■ **WORK REQUEST**: After checking the listing below, say how many of its lines contain the string "case". Only the number is needed.

■ **SUPPLIED RECORDS**:
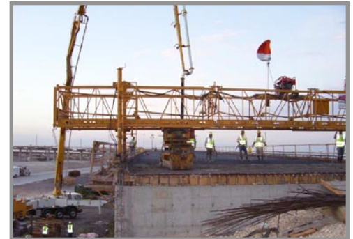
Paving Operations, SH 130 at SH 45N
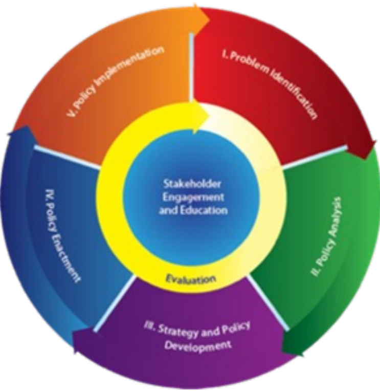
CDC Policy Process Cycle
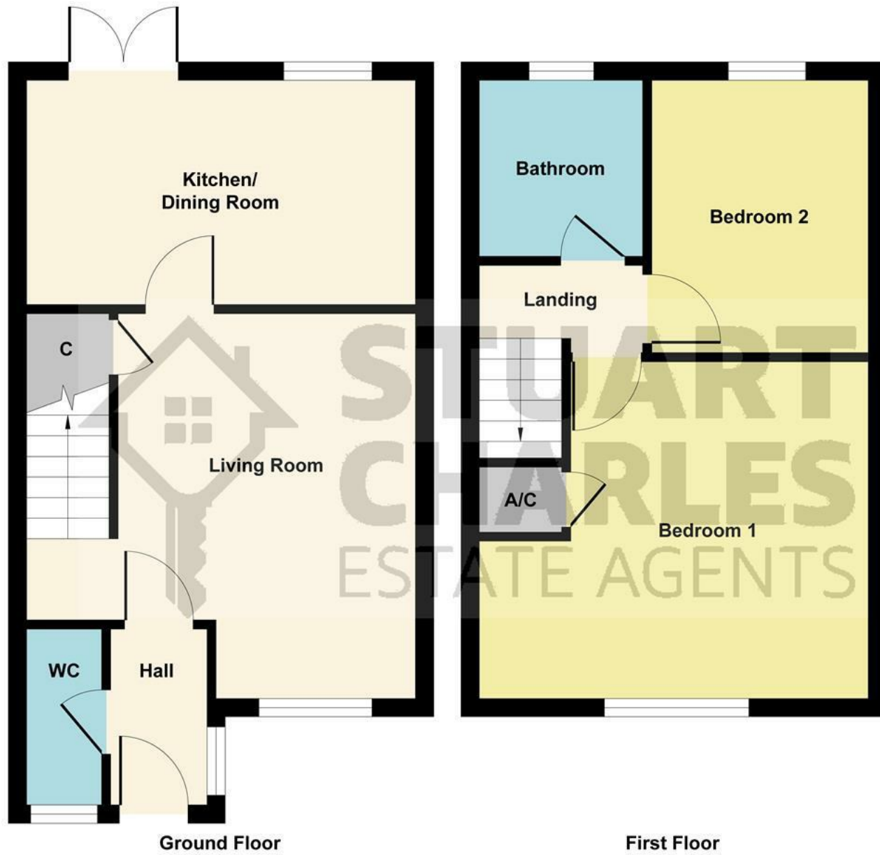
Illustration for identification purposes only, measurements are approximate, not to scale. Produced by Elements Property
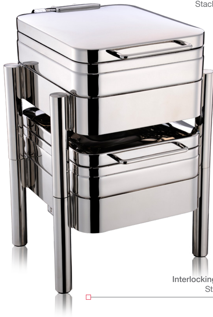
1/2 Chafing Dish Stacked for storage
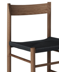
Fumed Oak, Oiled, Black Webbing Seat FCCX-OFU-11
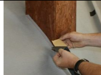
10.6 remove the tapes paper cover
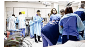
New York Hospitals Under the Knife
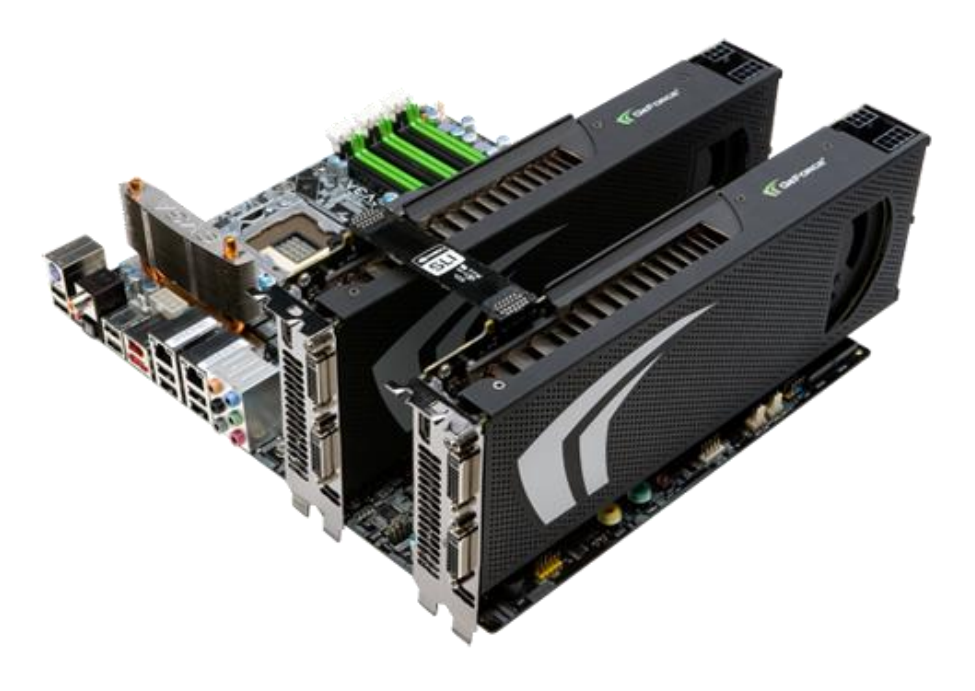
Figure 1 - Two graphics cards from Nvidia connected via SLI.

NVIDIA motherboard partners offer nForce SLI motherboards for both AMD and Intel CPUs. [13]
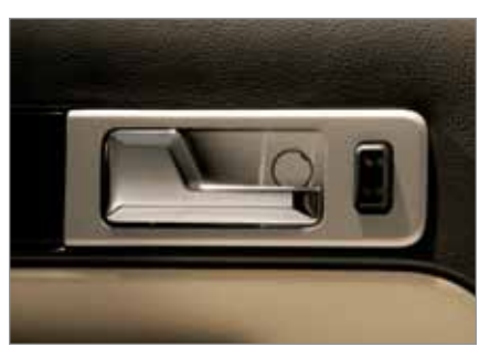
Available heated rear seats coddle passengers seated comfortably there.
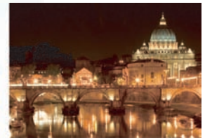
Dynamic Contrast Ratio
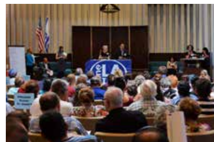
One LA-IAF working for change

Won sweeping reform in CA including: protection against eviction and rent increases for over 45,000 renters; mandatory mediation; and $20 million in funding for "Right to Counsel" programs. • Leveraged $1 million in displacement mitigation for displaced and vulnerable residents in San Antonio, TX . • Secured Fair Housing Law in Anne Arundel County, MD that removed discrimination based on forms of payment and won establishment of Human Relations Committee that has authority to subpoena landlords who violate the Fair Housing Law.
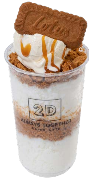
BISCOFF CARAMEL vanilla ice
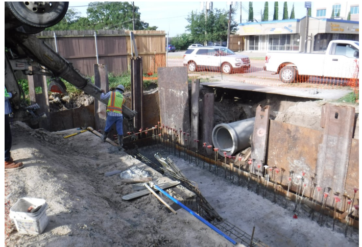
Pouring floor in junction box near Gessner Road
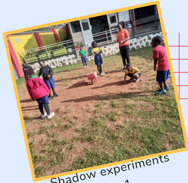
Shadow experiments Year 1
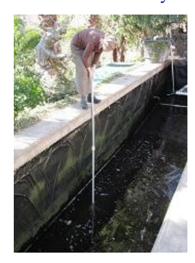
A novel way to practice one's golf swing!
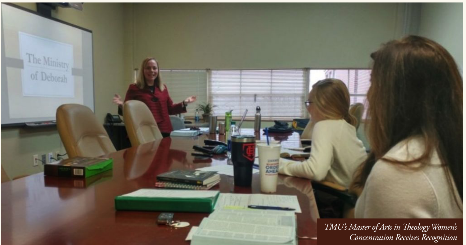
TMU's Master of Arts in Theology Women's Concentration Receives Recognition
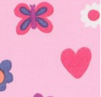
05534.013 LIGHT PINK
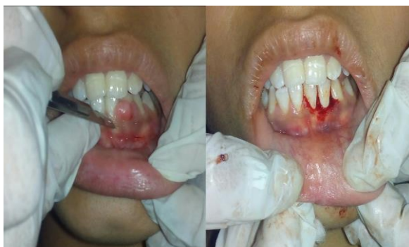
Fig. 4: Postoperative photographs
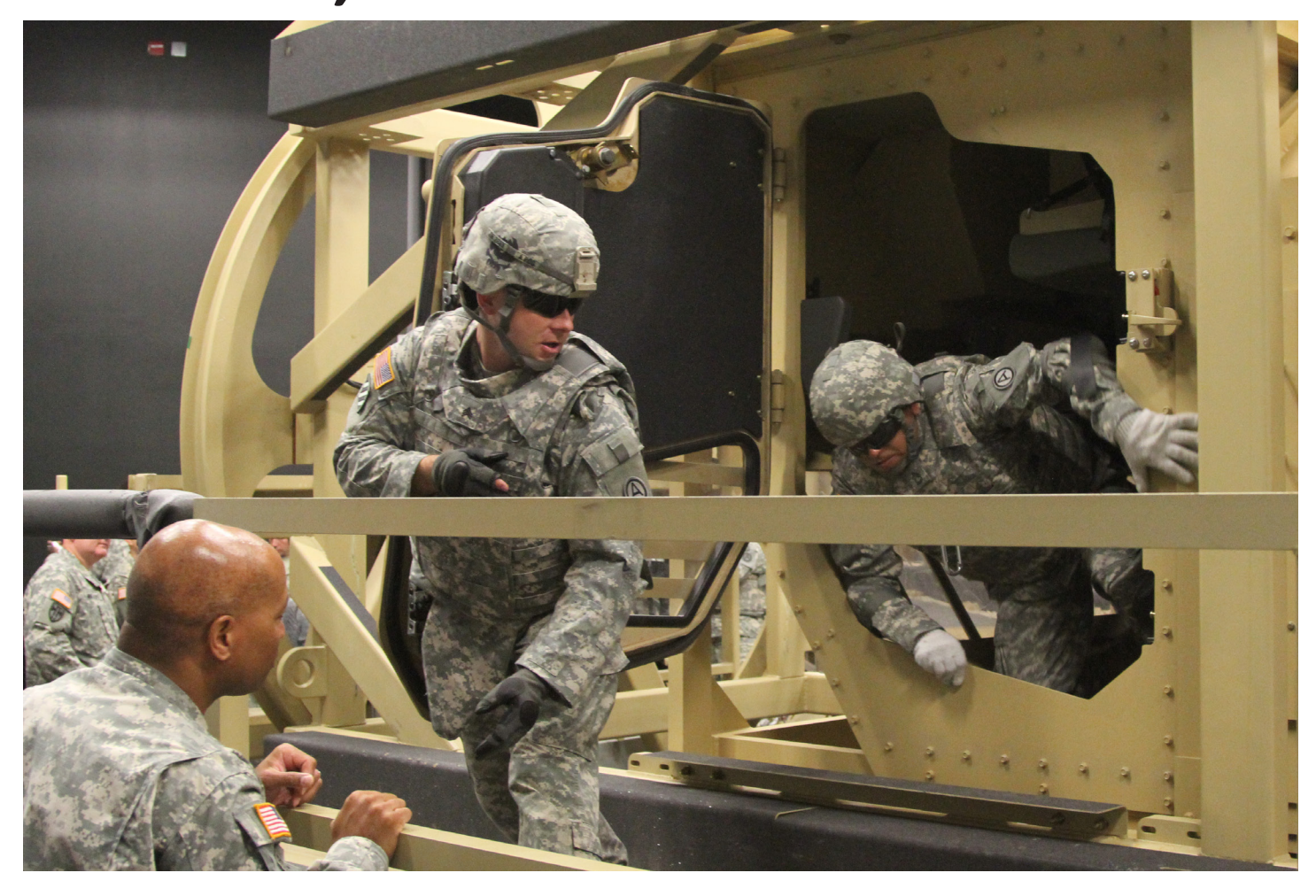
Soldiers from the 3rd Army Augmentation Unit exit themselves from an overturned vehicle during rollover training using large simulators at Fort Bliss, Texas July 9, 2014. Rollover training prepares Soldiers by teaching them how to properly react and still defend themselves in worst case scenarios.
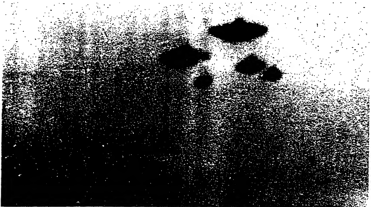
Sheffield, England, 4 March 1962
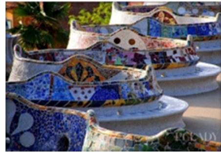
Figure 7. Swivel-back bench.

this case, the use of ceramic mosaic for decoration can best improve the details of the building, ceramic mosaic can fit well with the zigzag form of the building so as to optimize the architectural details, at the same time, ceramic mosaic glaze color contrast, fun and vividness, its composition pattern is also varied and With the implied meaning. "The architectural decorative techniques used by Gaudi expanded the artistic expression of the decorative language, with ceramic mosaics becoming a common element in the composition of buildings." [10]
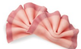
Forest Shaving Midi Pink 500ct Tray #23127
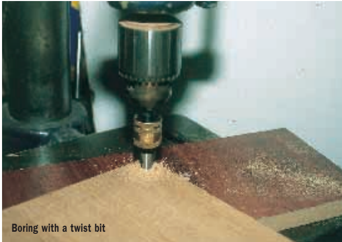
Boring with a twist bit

■ **RESPONSE TO THE TASK**: 2